• **Work request**: Below is a listing; retype exactly the lines between the one containing "Transformă rutina ta" and the one containing "de beatas. |", inclusive, minus the pictures.

• **Source records**:
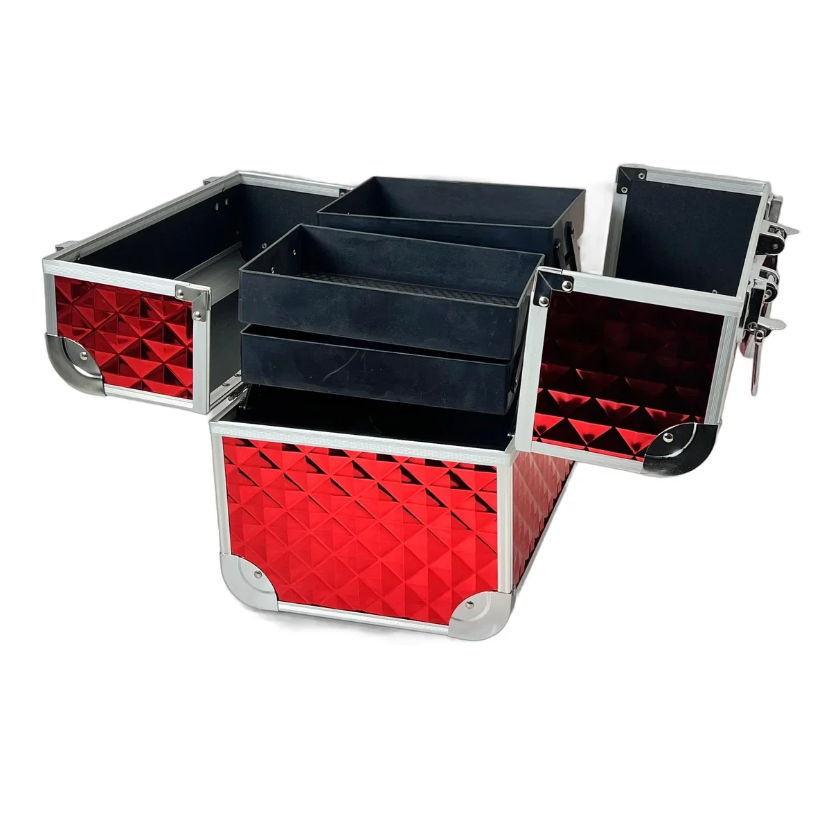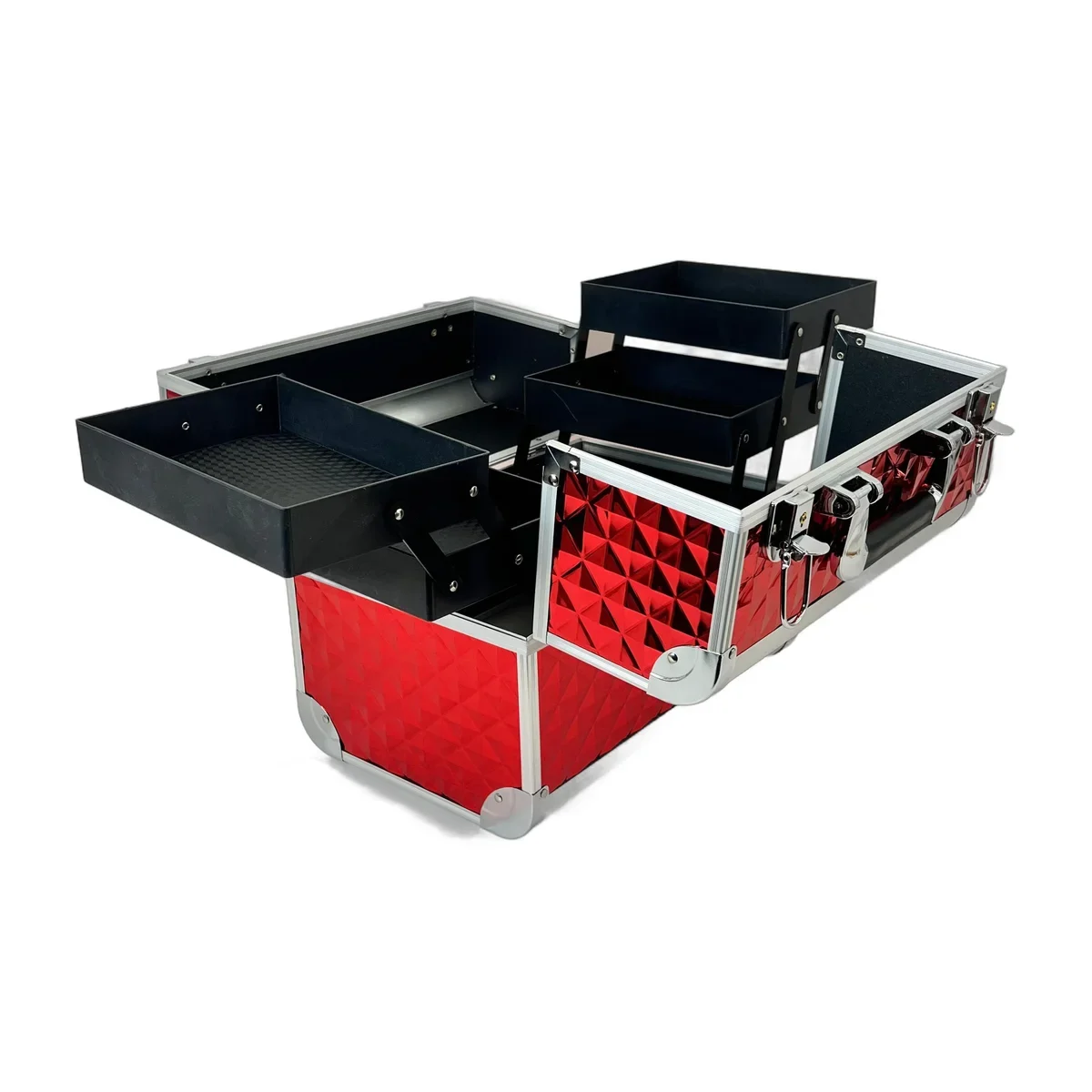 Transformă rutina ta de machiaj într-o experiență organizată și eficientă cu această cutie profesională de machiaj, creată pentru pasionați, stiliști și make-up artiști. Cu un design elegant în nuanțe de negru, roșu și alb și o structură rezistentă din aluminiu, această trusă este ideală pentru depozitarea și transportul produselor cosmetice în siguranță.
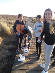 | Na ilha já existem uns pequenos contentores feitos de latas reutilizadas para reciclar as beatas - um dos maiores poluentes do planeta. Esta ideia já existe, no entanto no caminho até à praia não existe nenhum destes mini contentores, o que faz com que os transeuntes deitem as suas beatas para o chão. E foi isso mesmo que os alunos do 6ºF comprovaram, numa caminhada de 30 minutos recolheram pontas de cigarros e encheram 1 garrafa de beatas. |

* * *

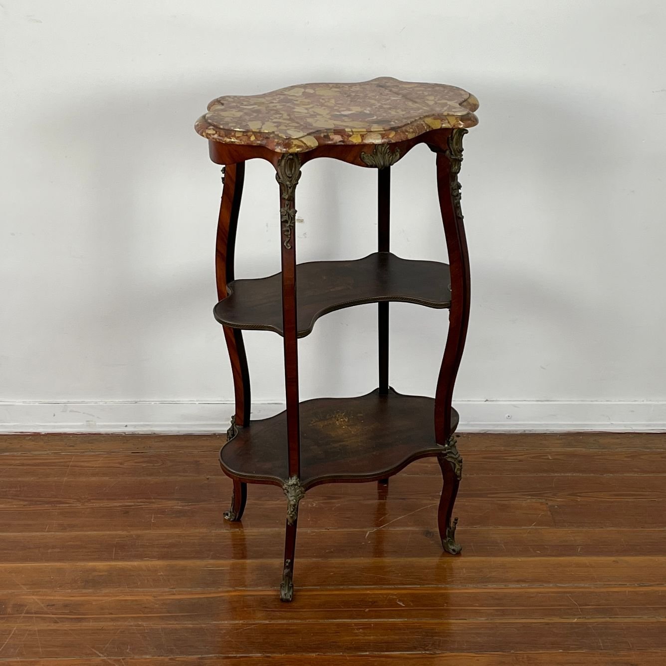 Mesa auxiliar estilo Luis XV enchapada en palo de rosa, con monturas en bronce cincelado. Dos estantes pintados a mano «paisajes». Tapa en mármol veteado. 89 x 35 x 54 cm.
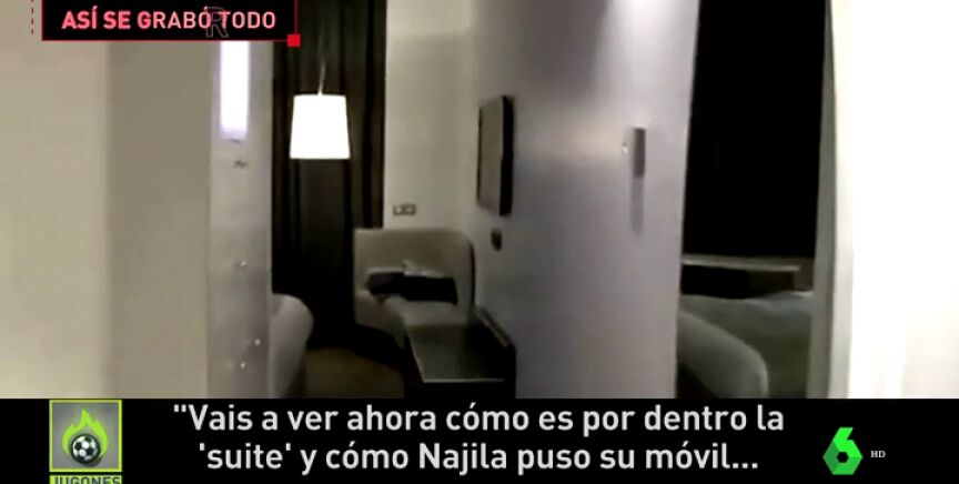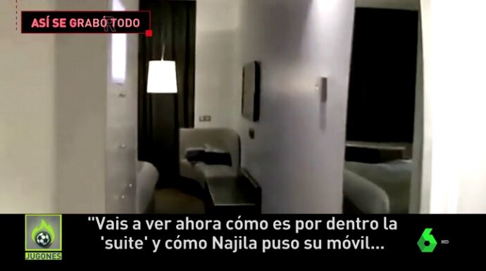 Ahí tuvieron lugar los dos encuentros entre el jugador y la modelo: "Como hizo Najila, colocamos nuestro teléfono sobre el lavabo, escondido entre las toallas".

* * *

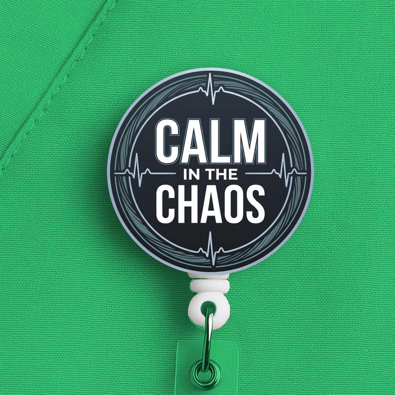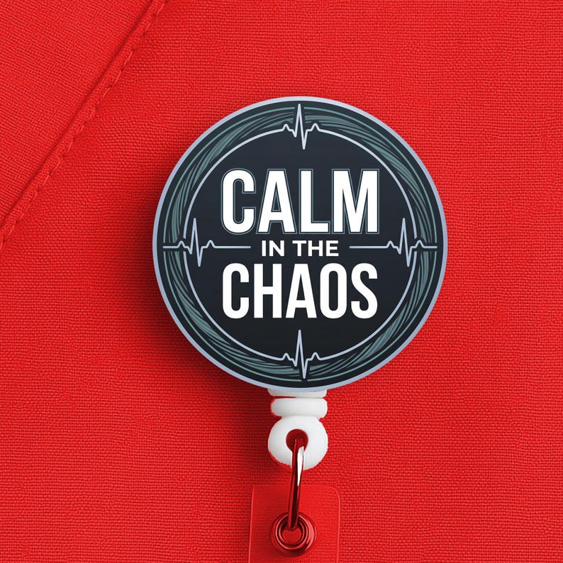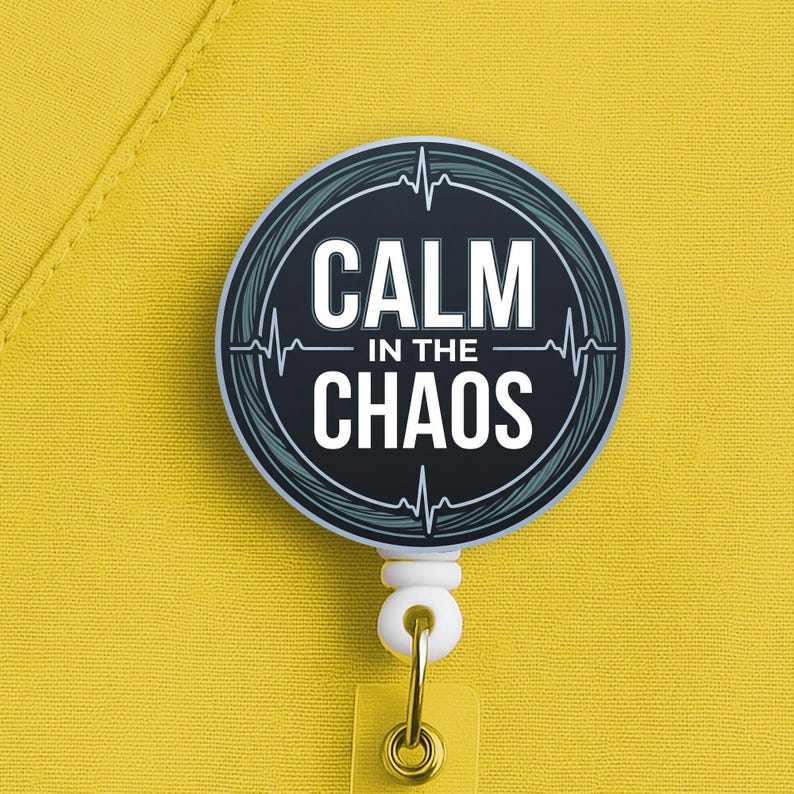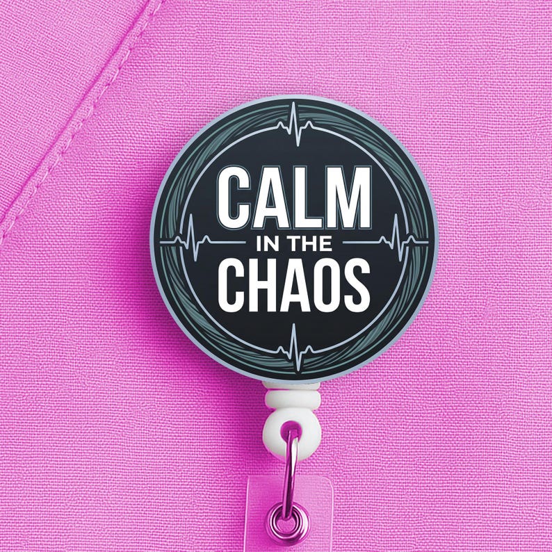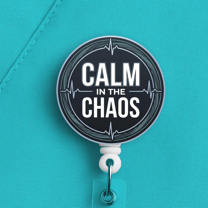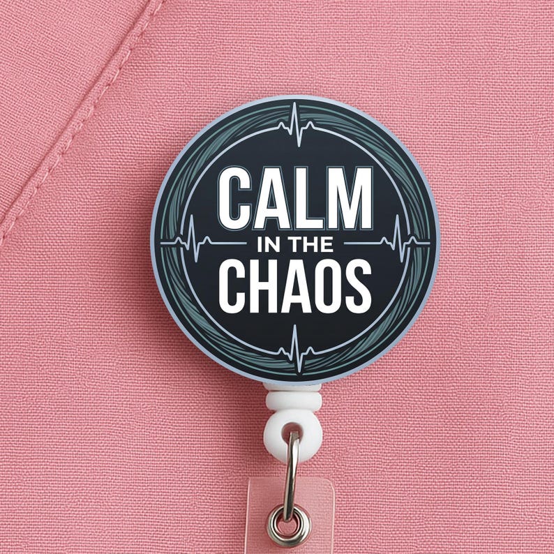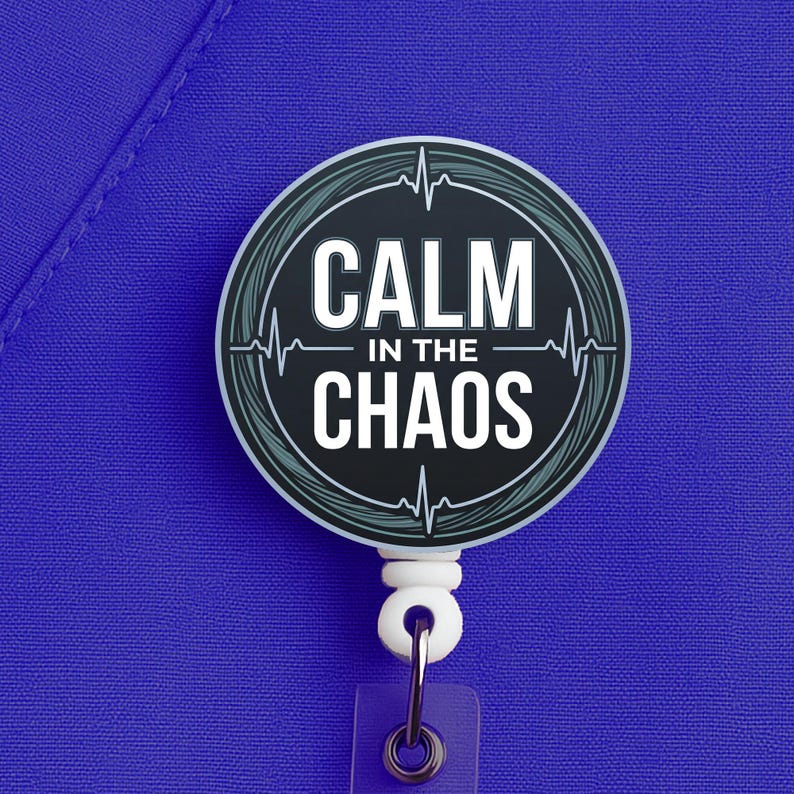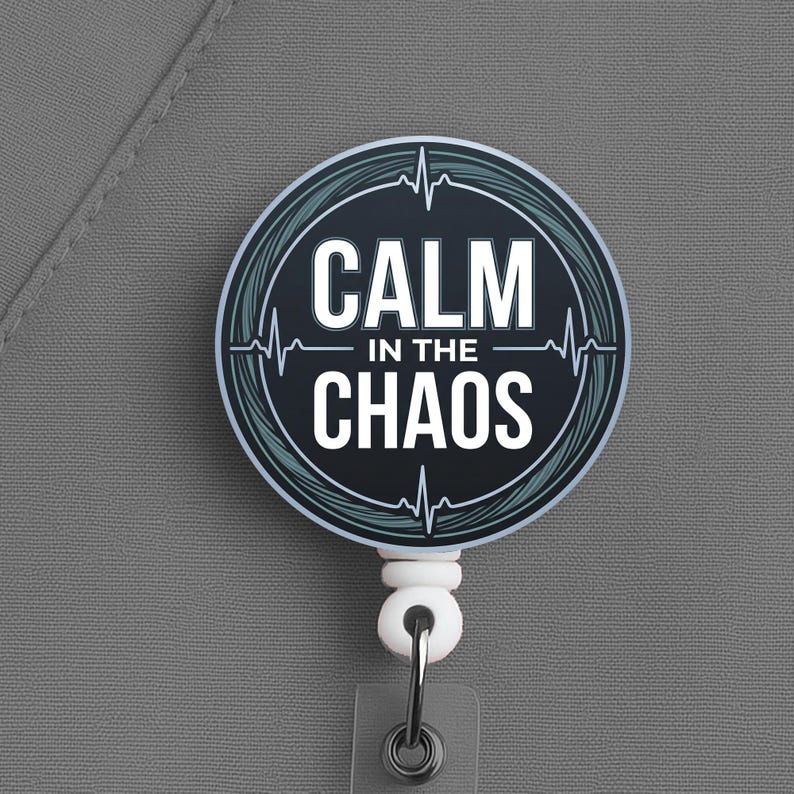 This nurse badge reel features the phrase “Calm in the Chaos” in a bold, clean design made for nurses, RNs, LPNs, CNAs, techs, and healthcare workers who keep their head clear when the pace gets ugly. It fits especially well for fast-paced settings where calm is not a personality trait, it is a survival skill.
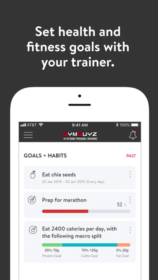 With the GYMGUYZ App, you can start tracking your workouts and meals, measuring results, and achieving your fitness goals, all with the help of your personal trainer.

• **Your response**:
 Transformă rutina ta de machiaj într-o experiență organizată și eficientă cu această cutie profesională de machiaj, creată pentru pasionați, stiliști și make-up artiști. Cu un design elegant în nuanțe de negru, roșu și alb și o structură rezistentă din aluminiu, această trusă este ideală pentru depozitarea și transportul produselor cosmetice în siguranță.
 | Na ilha já existem uns pequenos contentores feitos de latas reutilizadas para reciclar as beatas - um dos maiores poluentes do planeta. Esta ideia já existe, no entanto no caminho até à praia não existe nenhum destes mini contentores, o que faz com que os transeuntes deitem as suas beatas para o chão. E foi isso mesmo que os alunos do 6ºF comprovaram, numa caminhada de 30 minutos recolheram pontas de cigarros e encheram 1 garrafa de beatas. |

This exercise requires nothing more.